Sunday, August 27, 2006

Fishing with Karen

I apologize in advance if any of the images or descriptions offend any readers (especially my vegetarian blog sister). If you have an aversion to fish, fishing or anything having to do with getting the fish from the water to the table, you should probably skip this post. (Tune in next week for mangosteens and LA radio!)

Okay, now that it's just us, I can tell you about the amazing time I had this past Saturday fishing off of Long Island. A group of people from one of RFC's circles rented a boat for a day of fishing. Wives, children and girlfriends were invited. Yay! Truthfully, when this was first brought up, I was more looking forward to the prospect of being out on the water that the actual fishing part. I didn't think I would do too much of that, maybe give it a try. In fact, what happened was that I fished just about the whole time we were out. And I actually caught about 15 fish! Most had to be thrown back because they were too small, but I did reel in four "keepers," three sea bass and one porgy. I did a little research and what I caught was specifically a black sea bass. Porgy refers to a number of similar fish and is very flat. I couldn't figure out which kind I had pulled up. RFC was also lucky, catching about the same amount as I did. I do believe luck had a lot to do with it. I am sure under other circumstances skill plays a part, but with at least ten lines going off every side of the boat, it seemed you caught a fish if one decided to nibble on your particular bait (we used clams). It was super cool to learn how to use the fishing pole, the reel, the release. I hooked my own finger many times in the beginning before getting the hang of grabbing the line. The least pleasant part was unhooking the fish. I found myself apologizing to my catch as I struggled to work the hook out of its mouth, and sometimes it's eye (yuck!), even if I was about to throw it back in. Two of the fish I meant to keep made a mad dash for freedom as I finally got the hook out and flopped right back over the side of the boat. Towards the end of the trip, one of the crew collected our catch and filleted them for us. He made quick work of the fish, gutting and skinning them with only a few flicks of the knife.
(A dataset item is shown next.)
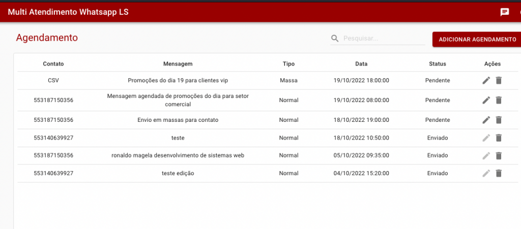 Botões de Ação: É possível editar as mensagens ainda não enviadas, caso seja uma mensagem em massa, inserindo novo arquivo CSV ou editando o texto a ser enviado. Além disto é possível deletar da lista de mensagens qualquer mensagem sendo ela enviada ou não.
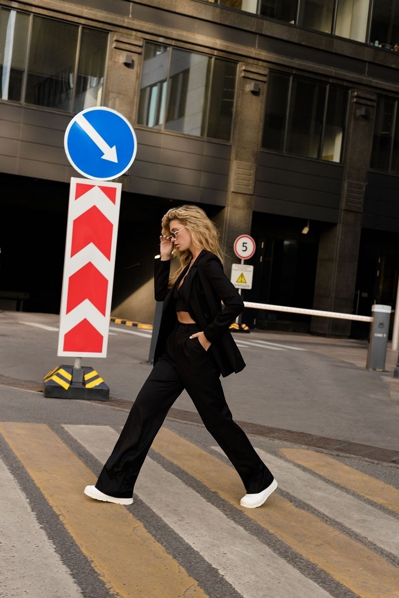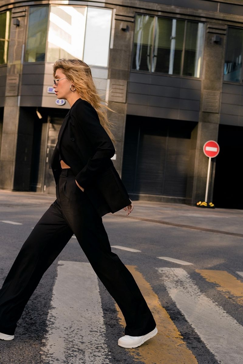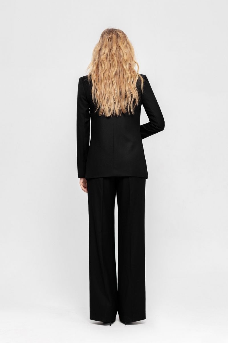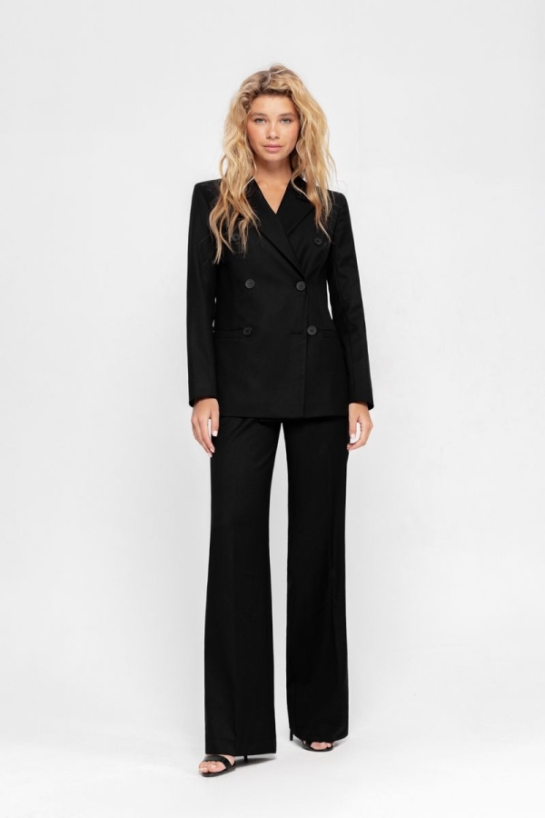 Текстильный костюм-двойка из классического двубортного жакета и брюк-палаццо Детали: жакет прямого силуэта, пиджачный воротник, перед с прорезными карманами, двубортная застежка на петли и пуговицы, спинка со средним швом, рукава втачные двухшовные, жакет на подкладке. Брюки с высокой посадкой на притачном поясе со шлевками, застежка на молнию и пуговицу, боковые карманы, передние половины с заутюженными стрелками и двумя небольшими складками Длина жакета по спинке около 66 см в размерах 40-46 и около 69 см в размерах 48-52, длина рукавов около 61 см; Длина брюк по боковому шву с поясом около 113 см в размерах 40-46 и около 114,5 см в размерах 48-52, длина по внутреннему шву около 82 см

We took our prized bag to RFC's and fired up the barbecue. We seasoned the fish with salt and pepper, fresh dill, olive oil, and lemon and wrapped in tin foil packets. The end result was simple and light, a perfect late-summer dinner. The sea bass was the more tender of the two, although both were on the firm side. The porgy was fishier tasting and a little bony. It was very satisfying to be cooking and eating the very fish we had caught that morning. Most people, myself included, don't have much of a connection between the source of food and what shows up in the refrigerator. This was just a small way to see the link.

Friday, August 25, 2006

La folie pour les mures

Dave had his first class at UNC yesterday. Is it back-to school time already? Ce n'est pas possible! I look forward to the crisp, fall days, yet I am not ready to say good-bye to the summer fruits. I allowed cherries to come and go without a pie or tart in sight. Now I am in a mad dash to take advantage of the berries before they disappear. Is it possible that the seasons are growing shorter with each passing year? Whatever baie is your favorite, it will be perfectly complemented by a touch of lemon and a nice dollop of cream. It can be a simple creme chantilly or creme fraiche, marscapone, clotted cream...The citrus will bring out the bright cheerfulness of the flavor and the cream will balance out the natural acidity.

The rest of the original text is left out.